*** Given records ***

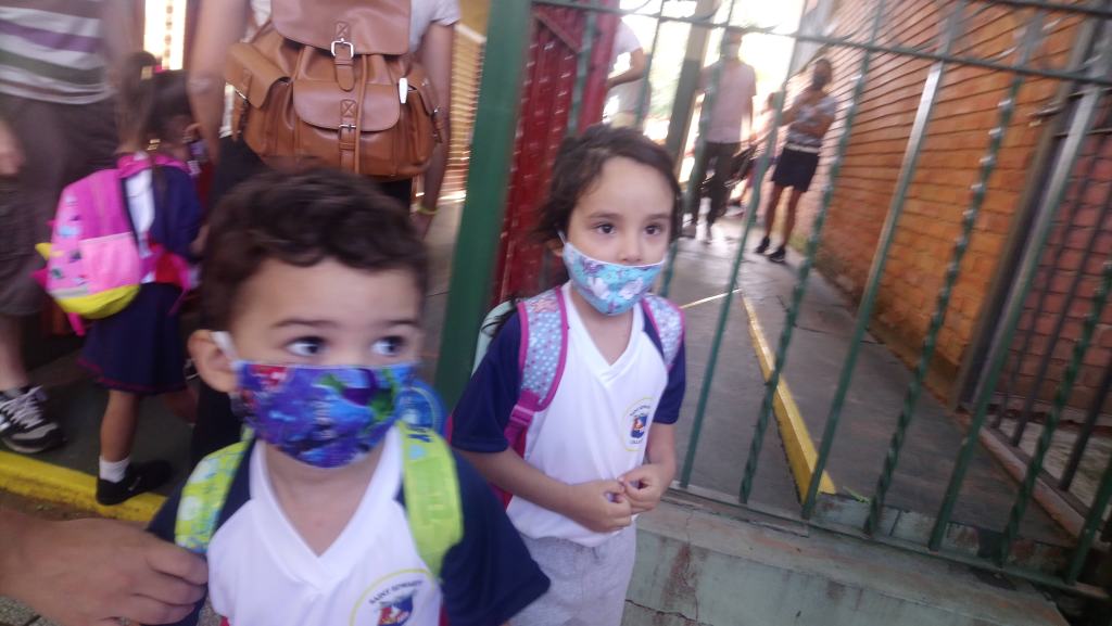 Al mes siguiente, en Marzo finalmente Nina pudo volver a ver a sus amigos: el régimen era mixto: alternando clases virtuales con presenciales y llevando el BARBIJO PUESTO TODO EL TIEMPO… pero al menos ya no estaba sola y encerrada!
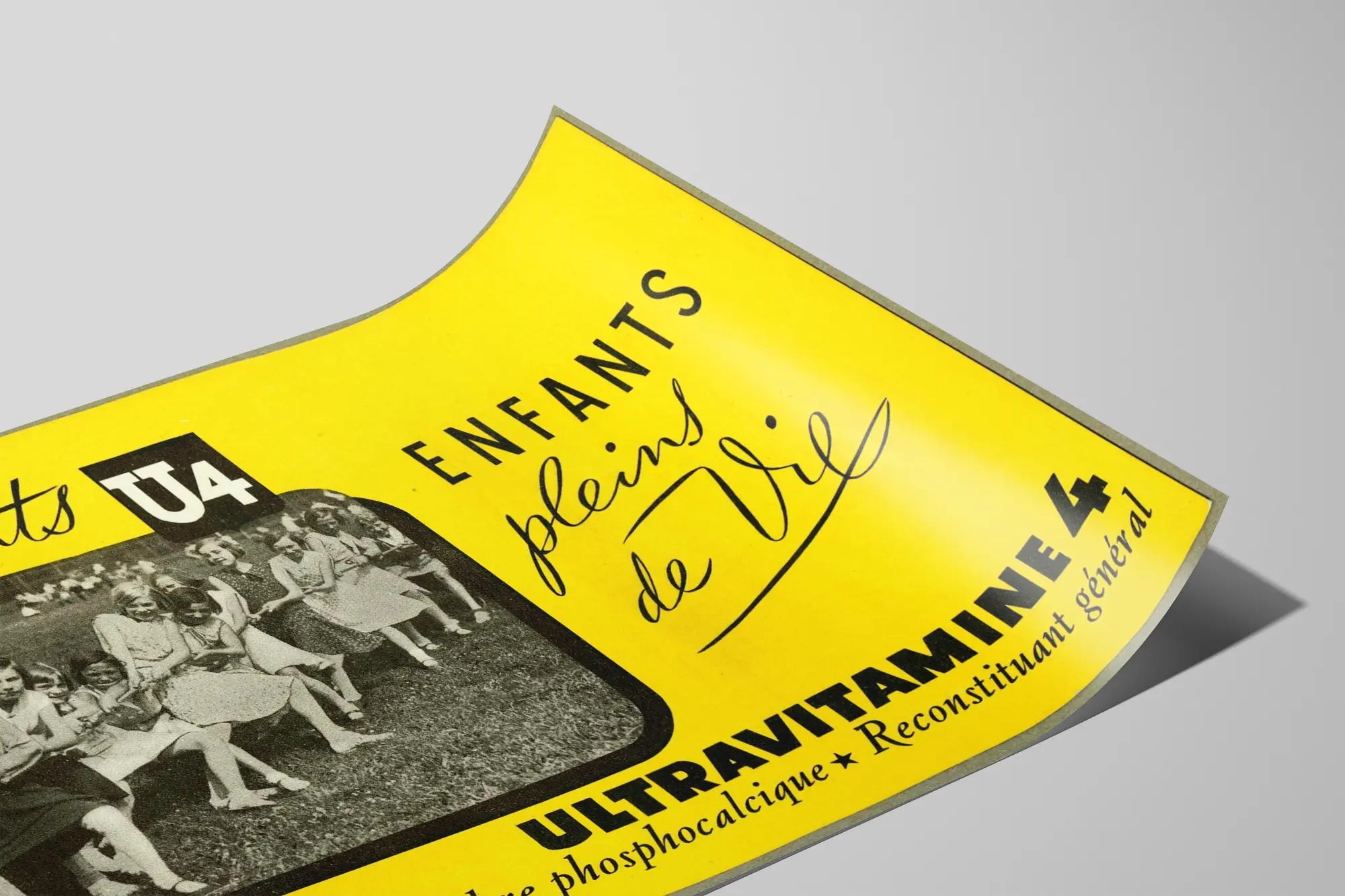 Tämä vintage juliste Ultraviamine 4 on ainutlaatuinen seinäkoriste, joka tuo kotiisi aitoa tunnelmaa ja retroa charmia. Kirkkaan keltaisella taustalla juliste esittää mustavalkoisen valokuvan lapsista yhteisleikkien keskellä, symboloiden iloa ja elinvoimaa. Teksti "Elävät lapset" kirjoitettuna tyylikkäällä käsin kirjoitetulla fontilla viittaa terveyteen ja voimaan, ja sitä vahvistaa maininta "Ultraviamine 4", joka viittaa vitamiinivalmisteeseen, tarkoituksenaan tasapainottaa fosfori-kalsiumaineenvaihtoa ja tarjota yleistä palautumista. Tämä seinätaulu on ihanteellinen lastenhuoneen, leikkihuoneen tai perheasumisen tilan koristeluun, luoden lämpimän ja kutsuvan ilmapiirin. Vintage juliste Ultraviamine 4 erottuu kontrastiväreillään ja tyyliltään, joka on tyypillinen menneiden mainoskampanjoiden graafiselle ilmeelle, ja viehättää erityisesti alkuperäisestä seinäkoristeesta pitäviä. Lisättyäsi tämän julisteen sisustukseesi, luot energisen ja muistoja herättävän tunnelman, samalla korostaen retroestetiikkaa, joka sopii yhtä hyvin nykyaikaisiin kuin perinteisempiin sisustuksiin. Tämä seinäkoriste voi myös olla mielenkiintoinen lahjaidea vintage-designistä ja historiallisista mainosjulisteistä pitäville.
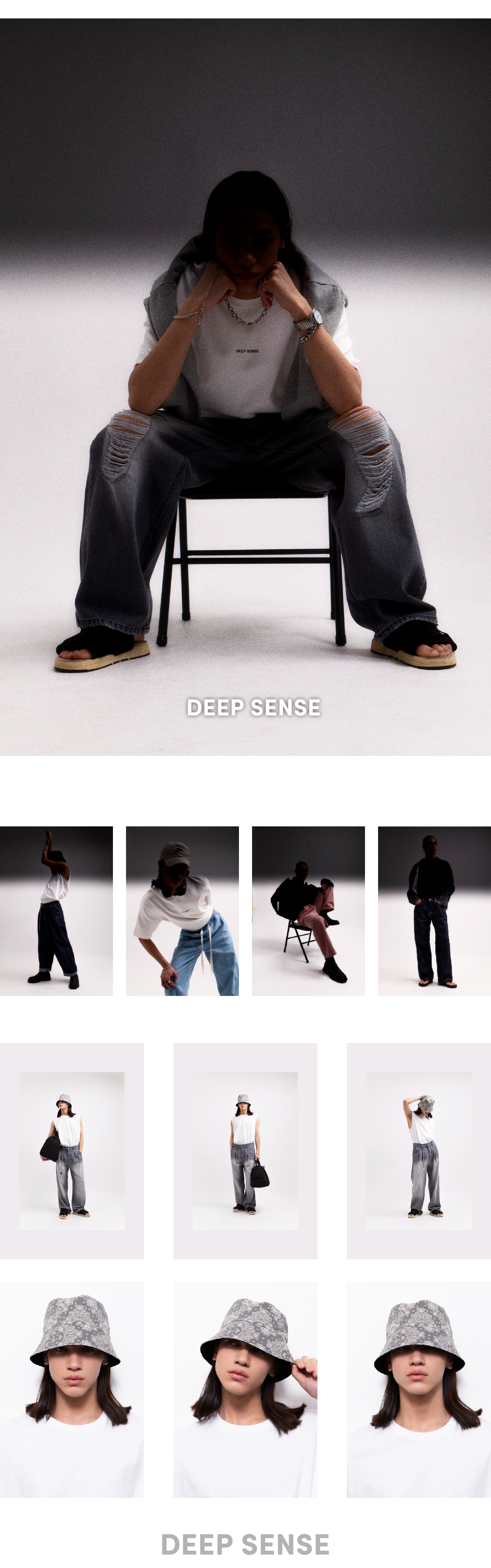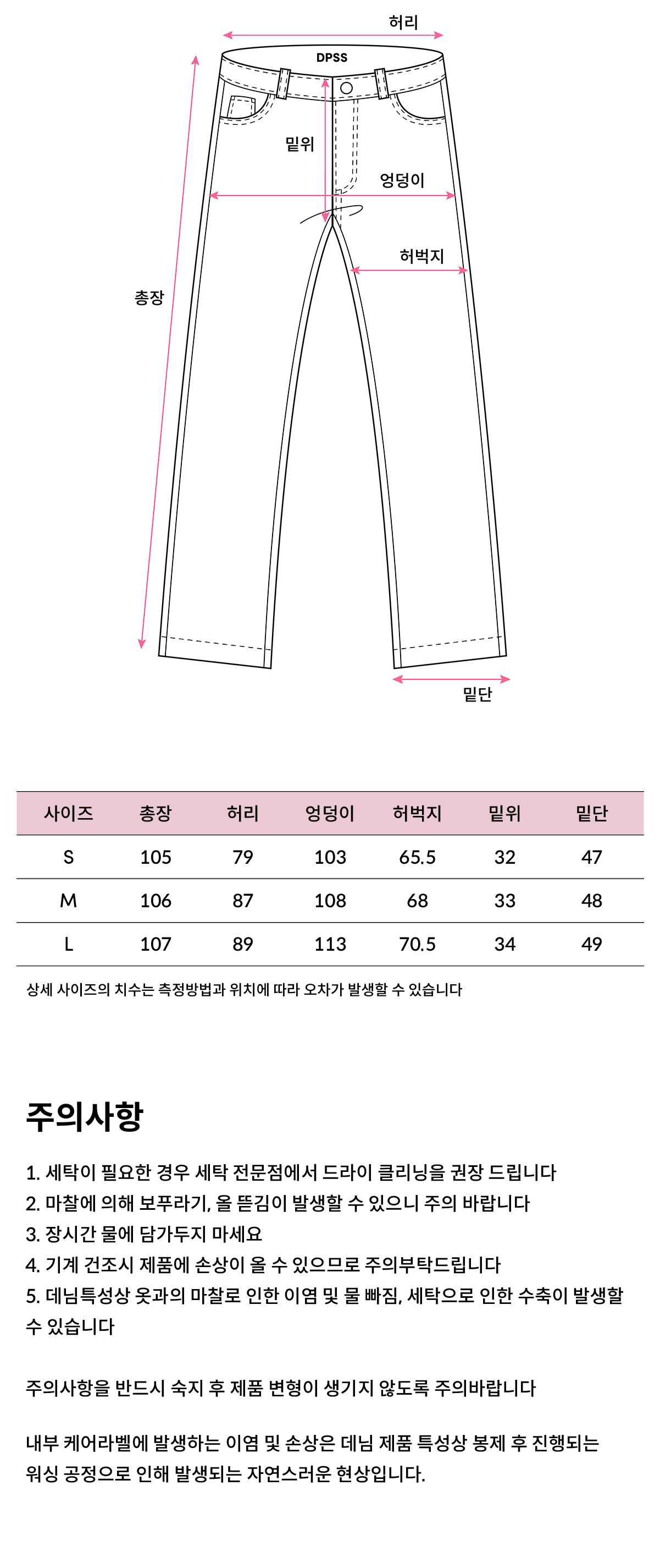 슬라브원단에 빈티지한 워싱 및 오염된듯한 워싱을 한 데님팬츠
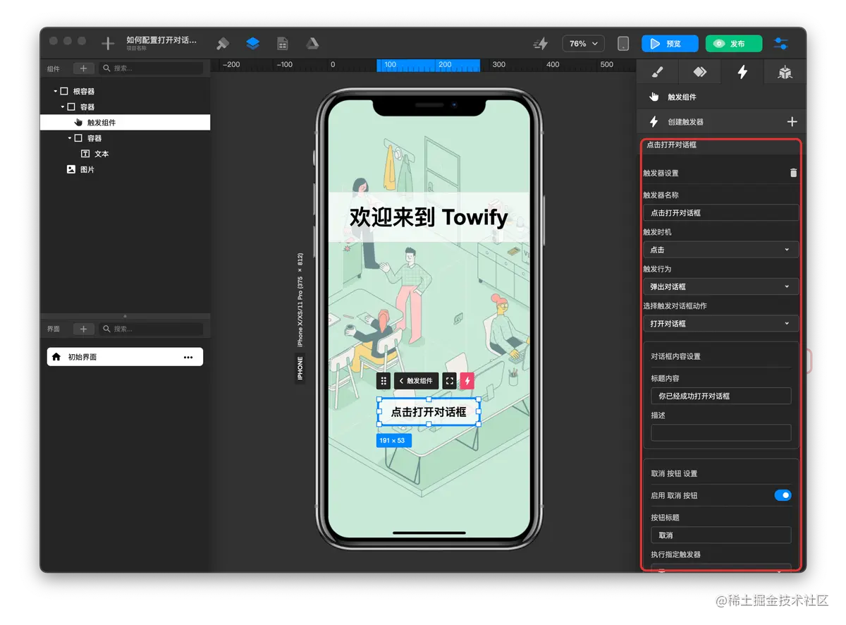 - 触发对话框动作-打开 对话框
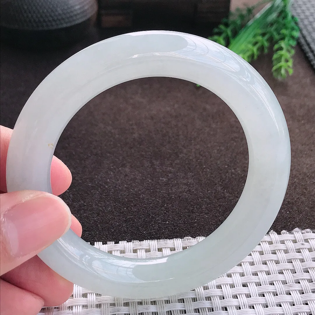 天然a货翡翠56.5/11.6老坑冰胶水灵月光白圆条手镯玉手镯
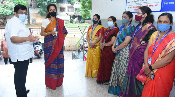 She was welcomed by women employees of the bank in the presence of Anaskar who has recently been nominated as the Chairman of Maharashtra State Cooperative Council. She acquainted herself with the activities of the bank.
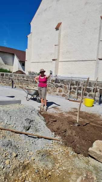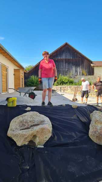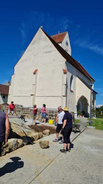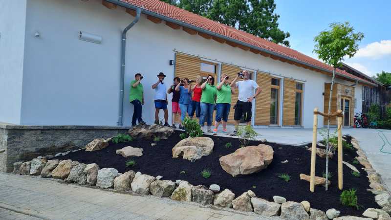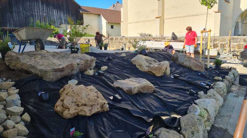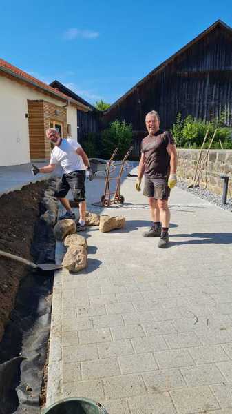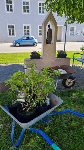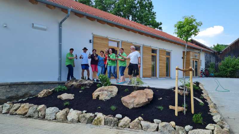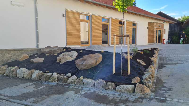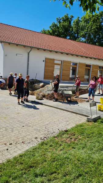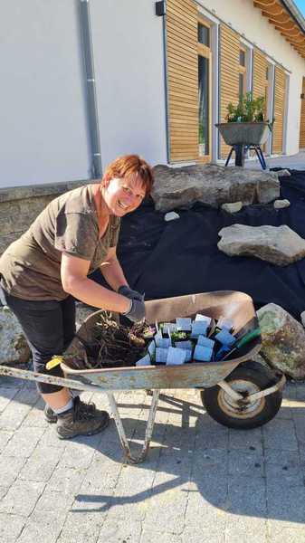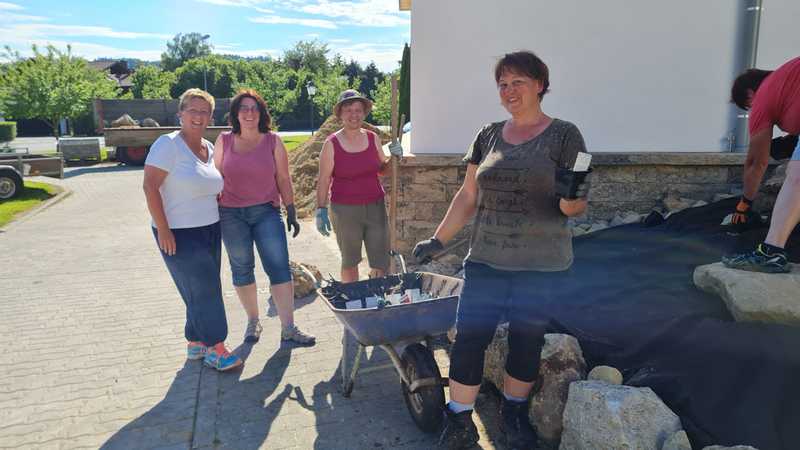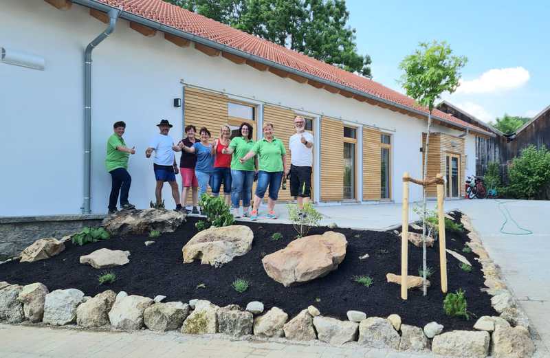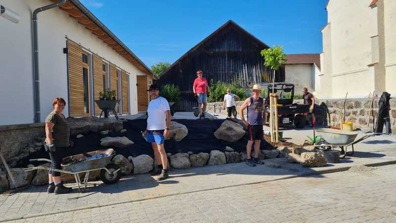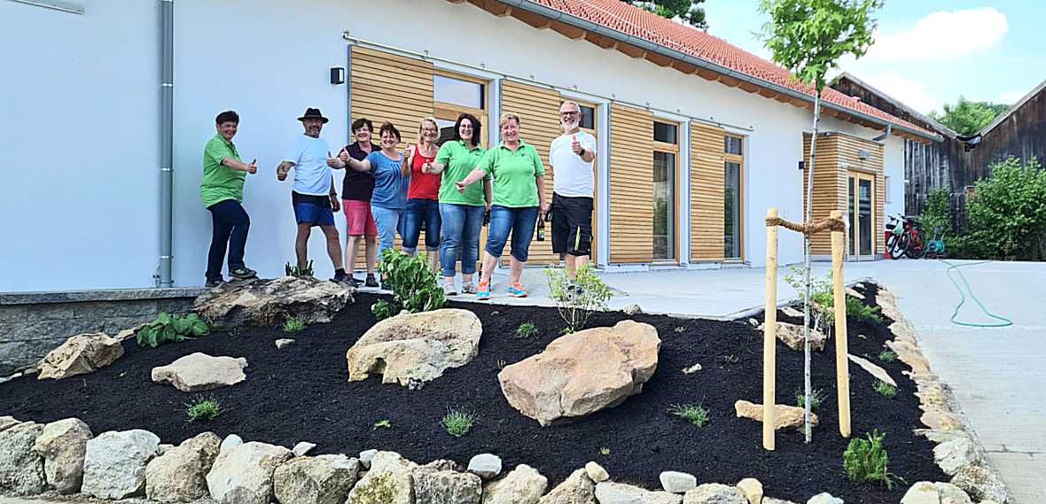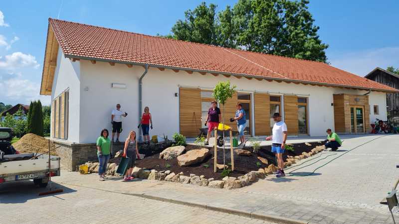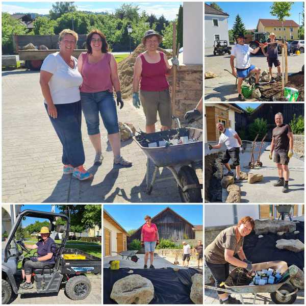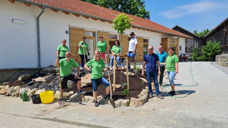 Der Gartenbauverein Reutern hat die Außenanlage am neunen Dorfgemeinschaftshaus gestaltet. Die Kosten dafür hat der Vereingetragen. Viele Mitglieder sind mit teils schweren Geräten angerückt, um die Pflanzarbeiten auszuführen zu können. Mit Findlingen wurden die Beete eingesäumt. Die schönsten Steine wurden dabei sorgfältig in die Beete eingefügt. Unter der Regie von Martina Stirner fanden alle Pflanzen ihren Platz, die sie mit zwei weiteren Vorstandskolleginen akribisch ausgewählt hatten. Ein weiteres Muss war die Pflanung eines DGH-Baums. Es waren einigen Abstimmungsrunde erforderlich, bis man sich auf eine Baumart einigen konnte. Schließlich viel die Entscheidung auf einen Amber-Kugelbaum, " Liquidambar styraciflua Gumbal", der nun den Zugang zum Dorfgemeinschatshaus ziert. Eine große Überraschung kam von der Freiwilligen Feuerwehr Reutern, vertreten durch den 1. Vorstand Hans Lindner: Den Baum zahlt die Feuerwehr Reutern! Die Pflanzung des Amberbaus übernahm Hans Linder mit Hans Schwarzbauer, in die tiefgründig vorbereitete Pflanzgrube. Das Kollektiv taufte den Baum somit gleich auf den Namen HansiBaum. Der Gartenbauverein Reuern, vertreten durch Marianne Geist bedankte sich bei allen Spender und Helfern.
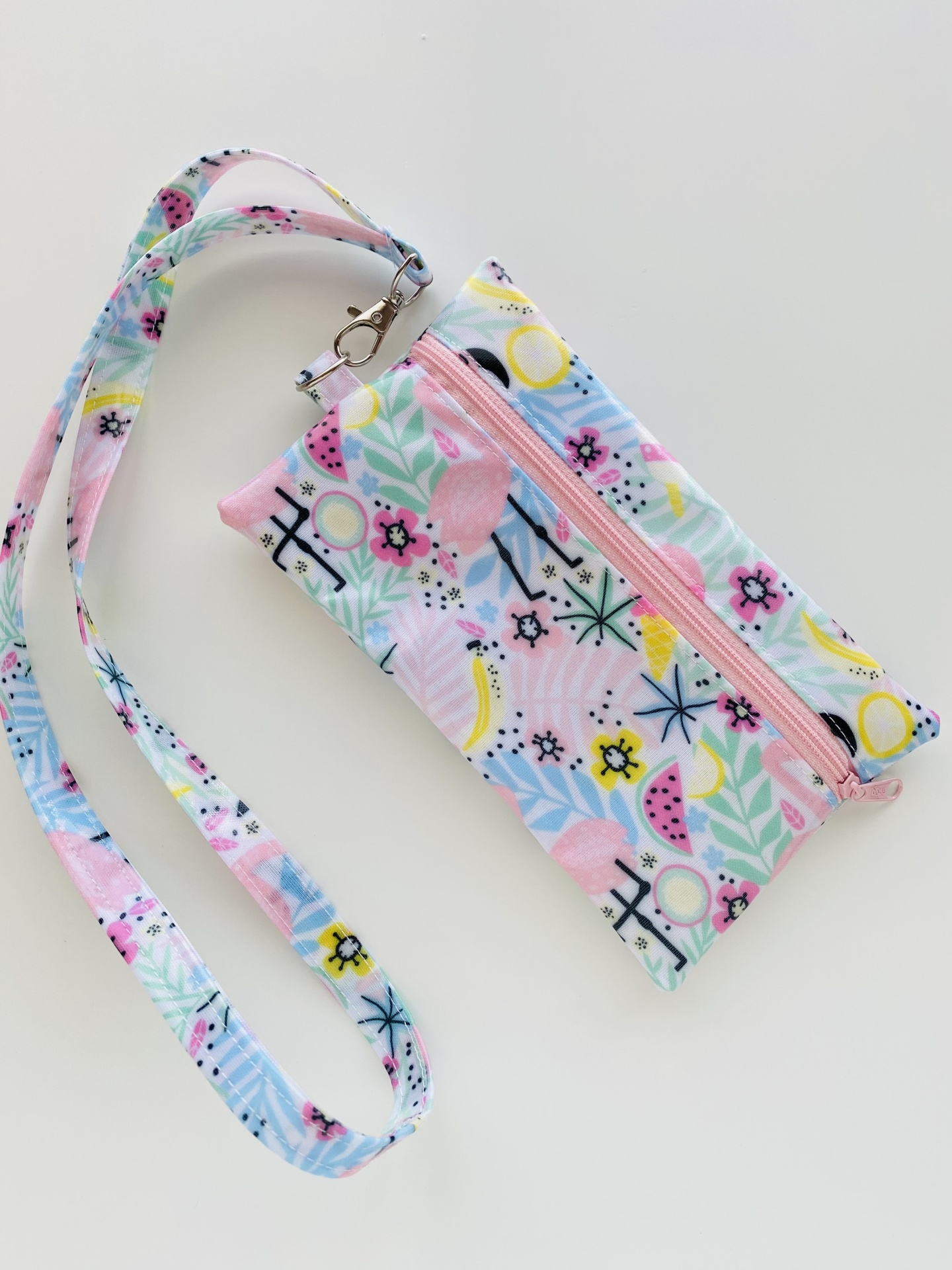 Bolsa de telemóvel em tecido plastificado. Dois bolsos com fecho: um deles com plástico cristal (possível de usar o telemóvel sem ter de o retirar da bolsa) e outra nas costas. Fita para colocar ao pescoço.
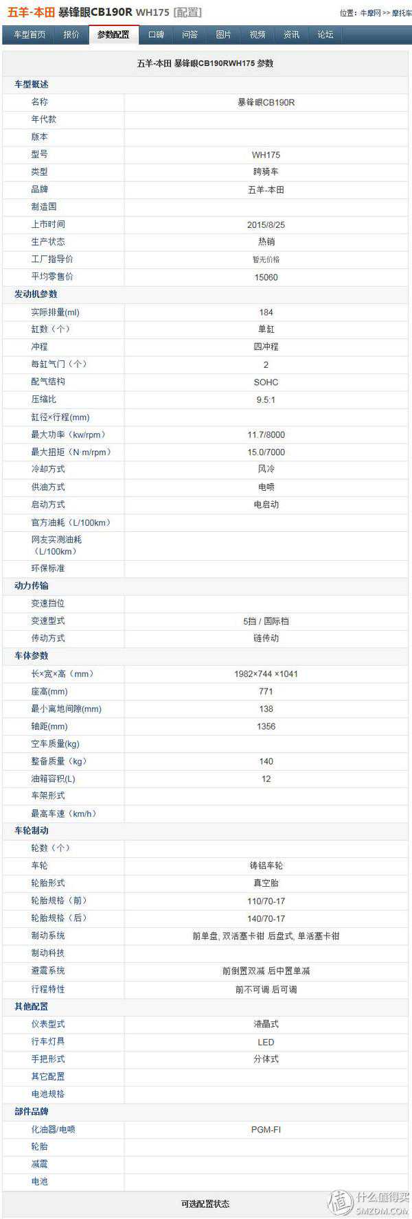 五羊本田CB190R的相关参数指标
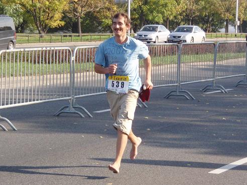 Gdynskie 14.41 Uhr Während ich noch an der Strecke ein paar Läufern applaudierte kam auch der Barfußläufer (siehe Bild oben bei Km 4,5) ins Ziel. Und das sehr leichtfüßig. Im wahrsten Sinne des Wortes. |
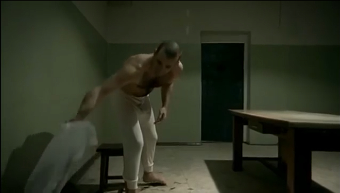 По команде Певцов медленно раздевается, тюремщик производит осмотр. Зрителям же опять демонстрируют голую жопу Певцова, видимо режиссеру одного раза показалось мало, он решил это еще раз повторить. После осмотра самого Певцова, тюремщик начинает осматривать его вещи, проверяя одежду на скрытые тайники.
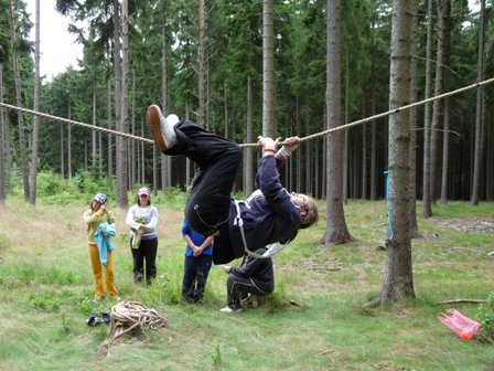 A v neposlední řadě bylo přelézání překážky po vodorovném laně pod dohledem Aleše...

***

• What the exercise asks
Transcribe exactly and only the lines from the top of the records through the line containing "天然a货翡翠56.5/11.6老坑冰胶水灵月光白圆条手镯玉手镯", inclusive, and do not copy the pictures.

• Exercise output
 Al mes siguiente, en Marzo finalmente Nina pudo volver a ver a sus amigos: el régimen era mixto: alternando clases virtuales con presenciales y llevando el BARBIJO PUESTO TODO EL TIEMPO… pero al menos ya no estaba sola y encerrada!
 Tämä vintage juliste Ultraviamine 4 on ainutlaatuinen seinäkoriste, joka tuo kotiisi aitoa tunnelmaa ja retroa charmia. Kirkkaan keltaisella taustalla juliste esittää mustavalkoisen valokuvan lapsista yhteisleikkien keskellä, symboloiden iloa ja elinvoimaa. Teksti "Elävät lapset" kirjoitettuna tyylikkäällä käsin kirjoitetulla fontilla viittaa terveyteen ja voimaan, ja sitä vahvistaa maininta "Ultraviamine 4", joka viittaa vitamiinivalmisteeseen, tarkoituksenaan tasapainottaa fosfori-kalsiumaineenvaihtoa ja tarjota yleistä palautumista. Tämä seinätaulu on ihanteellinen lastenhuoneen, leikkihuoneen tai perheasumisen tilan koristeluun, luoden lämpimän ja kutsuvan ilmapiirin. Vintage juliste Ultraviamine 4 erottuu kontrastiväreillään ja tyyliltään, joka on tyypillinen menneiden mainoskampanjoiden graafiselle ilmeelle, ja viehättää erityisesti alkuperäisestä seinäkoristeesta pitäviä. Lisättyäsi tämän julisteen sisustukseesi, luot energisen ja muistoja herättävän tunnelman, samalla korostaen retroestetiikkaa, joka sopii yhtä hyvin nykyaikaisiin kuin perinteisempiin sisustuksiin. Tämä seinäkoriste voi myös olla mielenkiintoinen lahjaidea vintage-designistä ja historiallisista mainosjulisteistä pitäville.
 슬라브원단에 빈티지한 워싱 및 오염된듯한 워싱을 한 데님팬츠
 - 触发对话框动作-打开 对话框
 天然a货翡翠56.5/11.6老坑冰胶水灵月光白圆条手镯玉手镯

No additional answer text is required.